Much of the violence of America’s wars on ‘drugs’ and ‘terror’ is outsourced – out of sight to US citizens - but the homegrown forces that drive these conflicts rear up when one examines the fate of El Chapo and al-Shami. It is, as Hillary Clinton acknowledged, America’s "insatiable demand for illegal drugs" that lines the coffers of Guzman, one of 18 Mexican billionaires. So long as the terrifying murder-rate further down the drug supply chain stays south of Texas, change will be slow in coming, reflected George Schultz, a former secretary of state convinced of the drug war’s futility. (More people are killed each year in tiny Honduras than the entirety of Europe.)
Al-Shami’s story also starts in America, though the White House has not revealed where he was born. Obama said last year that he does not want to live in a state of ‘perpetual war’ with al-Qa’ida. The possible killing of a US citizen-turned-militant should turn the President’s mind to those words once more - though how far assassinating someone born in America differs from doing the same to someone born in Pakistan should also give him pause. Ending the ‘war’ on terror would take less of this kind of ‘death from above’ – that ‘above’ signifying the oversight of the public as much as the heads of its victims.

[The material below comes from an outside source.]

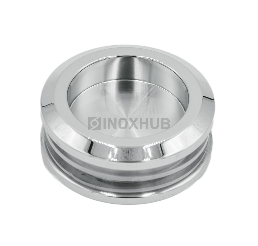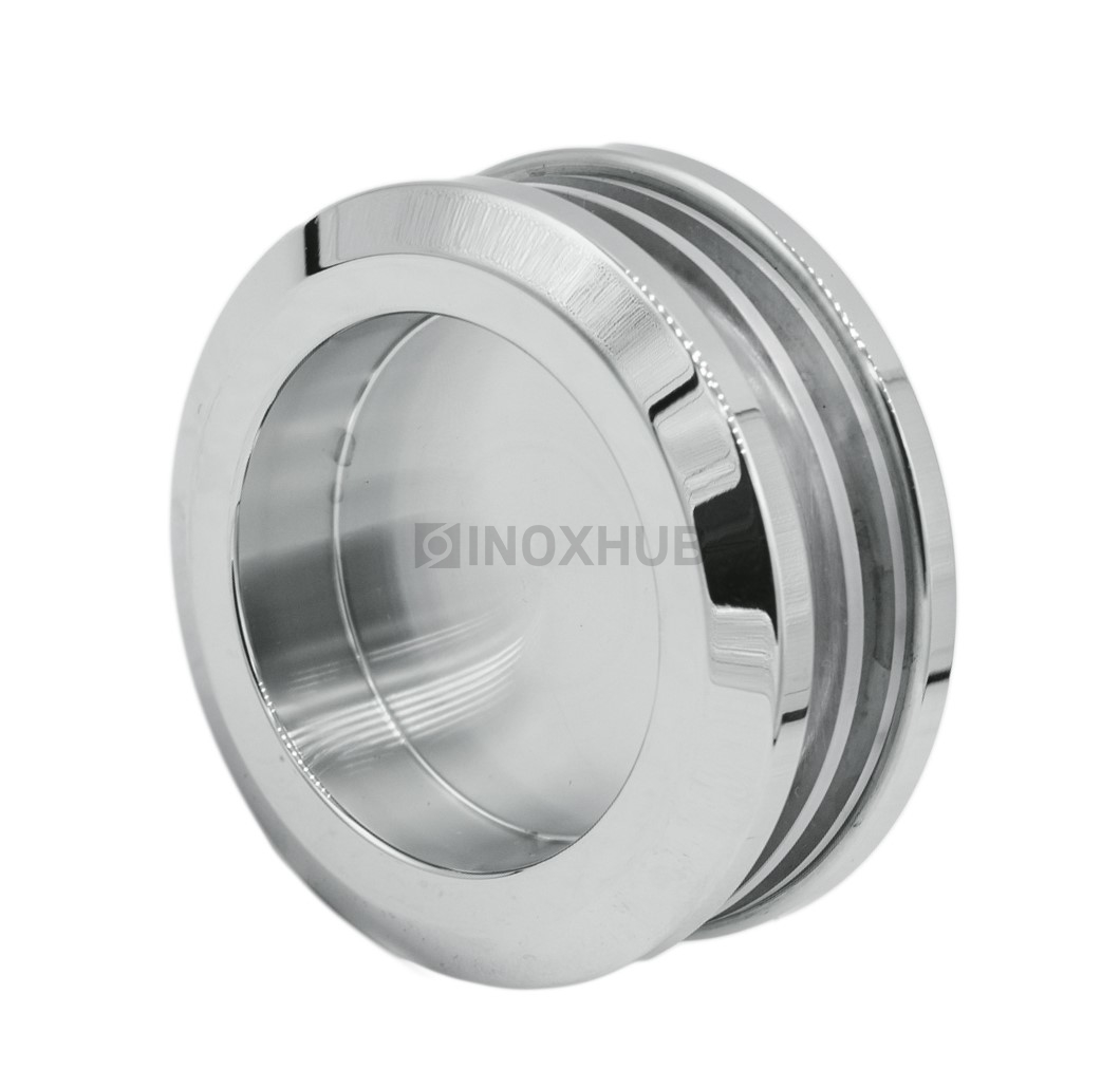 Ручка для раздвижной двери изготовлена из нержавеющей стали AISI 304. Стальной сплав не покрывается ржавчиной, не окисляется в условиях постоянного воздействия влаги, горячего пара, перепадов температур. Форма в виде шайбы с отверстием для пальцев не имеет сильно выпирающих элементов, не уменьшает амплитуду движения откатной двери. Полированная поверхность не теряет свой блеск при правильной эксплуатации фурнитуры, гармонично сочетается с другими элементами интерьера ванной комнаты.

Al-Qa’ida will not stop fighting, but America can handle that risk in different ways (with greater emphasis on intelligence, law enforcement and diplomacy). Nor will Americans stop desiring drugs, so once again public policy should adapt – to regulation, education and addict support, as is already happening with marijuana in Washington and Colorado. The final option, of course, is for the US to march on with its precision-less, scattergun approach and keep locking up Guzmans and killing Al-Shamis for another century or two.